Ее старшему сыну Генриху минуло девять лет, погодкам Ричарду и Годфриду было по восемь и семь. Они уже вовсю рубились на своих деревянных мечах, свободно держались в седле и стреляли из лука. Порою ей казалось, что они задиристые маленькие львята, которые сполна взяли от нее и короля Генриха энергию, ум и смелость, а кроме этого — свои огненные шевелюры, на которых когда-нибудь заблестят короны.

      Снешаль учтиво поклонился и объявил, что некий рыцарь из Хартфордшира, Уильям Мелбри, просит принять его. Во время отсутствия деятельного и непоседливого Генриха Плантагенета, который в очередной раз отбыл из столицы, Алиенора была полноправной правительницей, она обладала острым умом и несгибаемым характером, уверенно решая государственные дела. Голос и облик вошедшего крестоносца показался ей знаком. Он опустился на одно колено и, немного склонив голову, прикоснулся ладонью к самому сердцу. После обмена учтивыми приветствиями королева сразу же спросила:

— Где я могла видеть вас, рыцарь Мелбри?

— Ваше Величество, мы встречались лишь однажды, в Константинополе, во время Вашего посещения Святой Земли с крестоносцами. Я был среди посланников Иерусалимского короля.
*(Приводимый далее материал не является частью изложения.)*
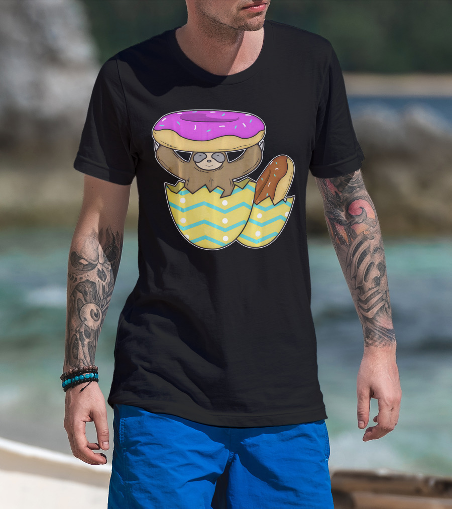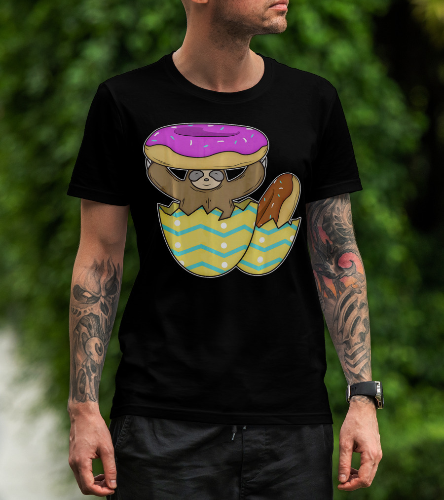 The Sloth Easter Egg With Donut Hat T-shirt is designed for everyday wear and a consistent fit. Fabric is pre-shrunk ring-spun cotton with durable stitching. See the size chart below for exact measurements.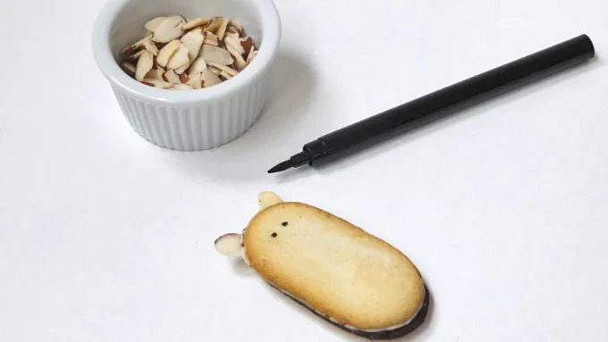 Step2On one end of the cookie, push the almond slices into the filling of the cookie for the ears. Draw eyes and mouth onto cookie with the black edible marker.

— Ну, конечно же! Рыцарь с колдовскими зелеными глазами. Некоторые из моих придворных дам еще долго вздыхали по ним. Так что же привело Вас ко мне вновь? — с улыбкой произнесла Алиенора, в удивительно молодых ее глазах плясали любопытные озорные искорки.

— Я много лет провел в Святой Земле, служа Иерусалимскому королю, но теперь единственное мое желание — быть полезным здесь. И если король Генрих примет мои клятвы, то не будет у него более верного вассала, а у Вас, несравненная Донна — более преданного рыцаря.

      Королева чуть наклонила голову, внимательно изучая статного широкоплечего крестоносца, так напоминавшего ей того, кто тронул ее юное сердце много лет назад и навсегда остался первой, самой печальной и трогательной любовью. Человека, в которого она влюбилась еще пятнадцатилетней девчонкой, жестоко убили у нее на глазах. Самая завидная невеста Франции, опекуном которой был Людовик VI, не была парой для простого рыцаря. Алиенора отогнала грустные воспоминания, не позволяя им разъедать свою душу, и сказала, полоснув строгим взглядом оживившихся придворных дам, едва слышно перешептывавшихся по углам:

— Что же, Уильям Мелбри, мне всегда верилось, что на земле еще рождаются доблестные Паладины, подобные тем, что сидели когда-то за Круглым Столом короля Артура. Полагаю, мы найдем в Вас нового Персиваля или Ланселота. Я поговорю с Его Величеством по его возвращении. Но Вы, должно быть, знаете, что рыцарь моего окружения помимо войны должен знать законы "Fin Amor". Жители туманных берегов Темзы отважны, способны, не дрогнув, встретиться лицом к лицу с самой грозной опасностью и совершить любой подвиг, но истинным рыцарем воина делает искусство любезно говорить с дамами о любви. Так считал мой дед герцог Гийом Аквитанский, величайший рыцарь-трубадур своего времени. Что вы скажете на это? — в тоне королевы и ее изысканных речах слышался вызов. Она смотрела на него пристально, испытующе, не давая права на раздумья и сомнения. Такая искушенная в куртуазном обращении женщина вряд ли удовлетворится заурядным ответом.

— Позвольте мне, Ваше Величество, ответить вам канцоной, которую я сложу на острие своего клинка и преподнесу завтра утром. Тогда, смею надеяться, все ваши сомнения рассеются как туман над Темзой.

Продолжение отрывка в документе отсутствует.